Tame Impala closes out Sunday’s main stage, with Kevin Parker’s sphere of nebulous psychedelic rock and disco funk enveloping crowds from the moment it’s introduced with a video of a futuristic-dystopian pharmaceutical nurse urging fans to take their time-altering, patented drug Rushium, and we decelerate into Parker’s fold. Elsewhere, trusted Canadian producer Caribou rounds off the night with an ever-enchanting widescreen exploration of electronic sounds - potentially one of the most dexterous dance acts of the six days.
By now it’s hard to remember life before all you had to worry about was who to watch and when, but such is Sziget’s blissfully immersive nature, it is suddenly the last day. Perhaps owing to the fact it’s a Monday, you could be forgiven for finding today slightly like an afterparty that’s been clung onto until the following mid-morning, however, that’s potentially symptomatic of my lack of endurance rather than the final round’s durability. Singer-songwriter Holly Humberstone would attest to the latter, stepping up last-minute in the Arctic Monkey’s opener slot after Sam Fender had to pull out due to laryngitis. She cuts a mousy figure but joined just by drummer Lauren, proves thoroughly why she’s currently on the ascent to British pop’s highest ranks.
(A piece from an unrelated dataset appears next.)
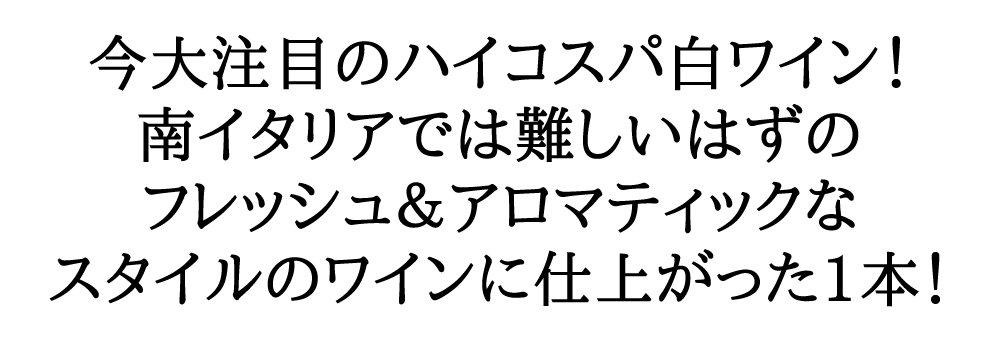 イル プーモ マルヴァジーア ソーヴィニヨン 2024 カンティーネ サン マルツァーノ 750ml ソーヴィニヨン・ブラン種とマルヴァジーア・ビアンカで造られるハイコスパイタリア辛口白ワイン。フレッシュな酸味とたっぷりの果実味を得るために、収穫のタイミングを分けるこだわり!南イタリアでは難しいはずのフレッシュ&アロマティックなスタイルのワインに仕上がった1本。柑橘系果実とハーブの爽やかな香り。口中ではフレッシュかつフルーティな味わいが広がり、酸味とミネラルが豊かで飲み飽きしない白ワインです。

The peak comes with debut single “Deep End”, the song, as she explains, she wrote as an ‘’awkward’’ older sister to express support to her younger counterpart during depression.
The Arctic Monkeys follow, who without a recent album to drive, offer a rundown of hits led by a sweat-drenched Alex Turner, who’s so practised at tearing up such stages there’s almost a mundanity even in the more riotous moments. For the fans of the band present, of which there is an abundance, their set proves electric, however.
And, you can’t ask for much more as the islanders prepare to pack up their things before imploding into the Monday-est Tuesday known to man, the following day. Tempted to round off the last night where it all started, at Magic Mirror’s Voguing Ballroom, I make the unprecedented choice for bed instead. It feels wrong as Sziget’s vastness inevitably leaves you with a sense of incompletion, however, my week on the island ultimately leaves me utterly fulfilled.
And, it would seem, so are my fellow Scitizens, at least if beverage stocks are anything to go by. I speak to one person the following day who was refused drinks in the final hours, as the bars were simply run dry. A cue to call taxis (or the all-night Sziget metro service) if ever you heard one, but who can blame anyone for not wanting to depart the island of freedom?